We studied the CT and MR scans, and the histology of 50 patients with primary Ewing's sarcoma of bone to determine the association between the change in tumour volume and necrosis after chemotherapy, and to ascertain their influence on prognosis. The mean age of the patients was 17 years. The limbs were involved in 40 and the axial bones in ten. The volume of the tumour at diagnosis varied from 31 to 1790 ml.
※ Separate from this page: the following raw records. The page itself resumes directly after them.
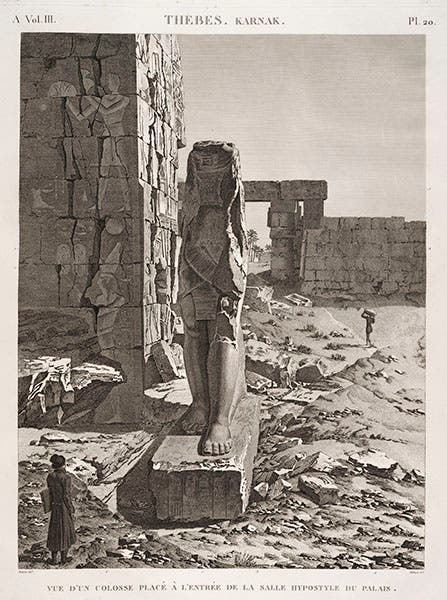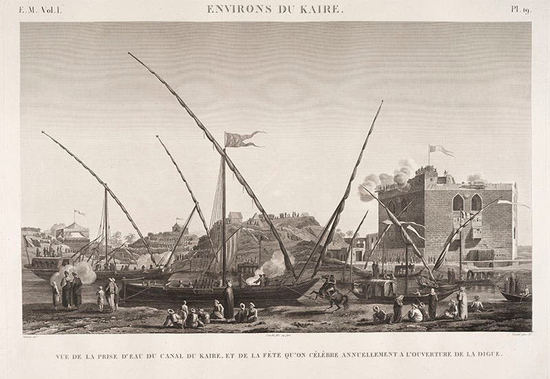 André Dutertre, a French artist, was born June 9, 1753. Dutertre accompanied Napoleon Bonaparte on his invasion of Egypt in 1798. He was supposed to be sketching irrigation machinery, glass-making factories, and canal boats (which he did, to some extent, see fifth image), but when he and the scientific corps discovered the antiquities of Egypt, there was no holding them back. Many of the engravings in the Description de l’Egypte (1809-28) were based on Dutertre drawings, such as the plates depicting the pyramids at Giza (first image), the sand-filled interior of the temple at Karnak (second image), the temple at Dendera, where the stone zodiac was found (third image), and a ruined colossus at Karnak (fourth image)--note the artist contemplating the statue, perhaps Dutertre placing himself within the scene.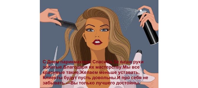 Открытка "С Днем парикмахера! Спасибо За ваши руки золотые. Благодаря их мастерству Мы все красивые такие. Жел"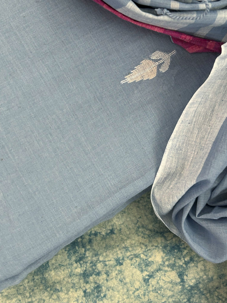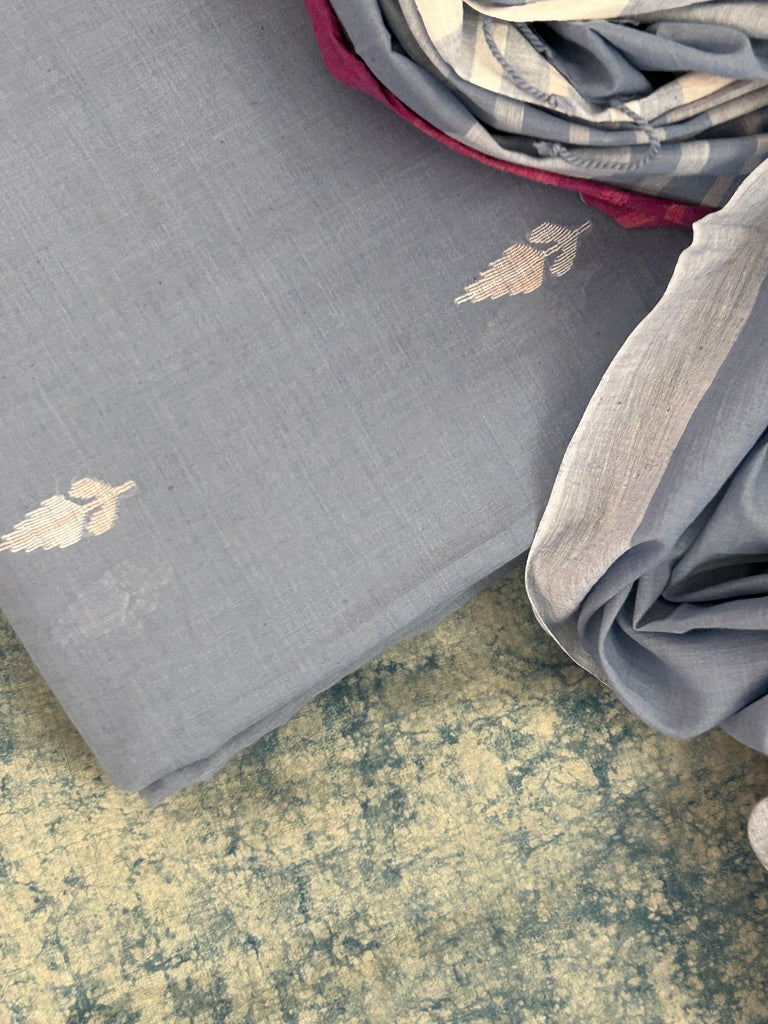 Woven on traditional looms by skilled Bengal artisans, this Jamdani butti cotton set is a celebration of timeless craftsmanship. The fabric is lightweight, airy, and naturally breathable, offering all-day comfort without compromising on elegance.

There was a significant relationship between necrosis and the measured change in volume of the tumour after chemotherapy. Progression of the tumour despite chemotherapy was seen only in patients with necrosis of grades 4 to 6. Necrosis significantly influenced survival (p

Change in volume of the tumour is a good predictor of necrosis induced by chemotherapy. Necrosis is a strong prognostic factor in Ewing's sarcoma.

Ewing's sarcoma is a rare, primitive, highly cellular malignant round-cell tumour of bone and soft tissue, described by Ewing in 1921.1 It is the second commonest primary malignant tumour of bone in children after osteosarcoma and accounts for about 10% of all such lesions.3,4 Over the last two decades effective chemotherapy has been one of the most important advances in the management of patients with Ewing's sarcoma. Before this, treatment had consisted of local irradiation or surgery alone, but less than 10% of the patients survived for more than five years.5,6 Modern treatment of Ewing's sarcoma with chemotherapy, surgery and/or radiotherapy results in a survival rate of 50% to 60% at five years in patients without metastases at diagnosis;7-1 the prognosis is also influenced by the volume of the tumour at diagnosis 12,13 and the amount of necrosis of the tumour after chemotherapy.9

Preoperative chemotherapy reduces the volume of Ewing's sarcoma, and this has been related to the prognosis. 14 Reduction in the volume, if any, often occurs after the first cycle of chemotherapy, as shown by the Cooperative Ewing's Sarcoma Study (CESS),12 and only minor shrinkage takes place after this. It is often dramatic and may be due to shrinkage of the neoplastic cell mass by necrosis, reduction in the volume of normal supporting stroma, resolution of inflammatory odemea or, more likely, a combination of these. The contribution of necrosis of tumour cells to the change in volume of the tumor is unclear. We have studied the relationship between change in volume and necrosis of a tumour after chemotherapy, and the influence of these on the prognosis of patients with primary, Ewing's sarcoma.

Patients and Methods

Between 1983 and 1993 we treated 152 patients with primary Ewing's sarcoma. For inclusion in the study patients were required to have complete staging studies performed at diagnosis, adequate CT or MRI of the tumour before diagnostic biopsy and after chemotherapy, no previous attempt at excision of the tumour before referral to our centre, the histological diagnosis confirmed by the pathologist (DCM) and no radiotherapy before excision of the tumour.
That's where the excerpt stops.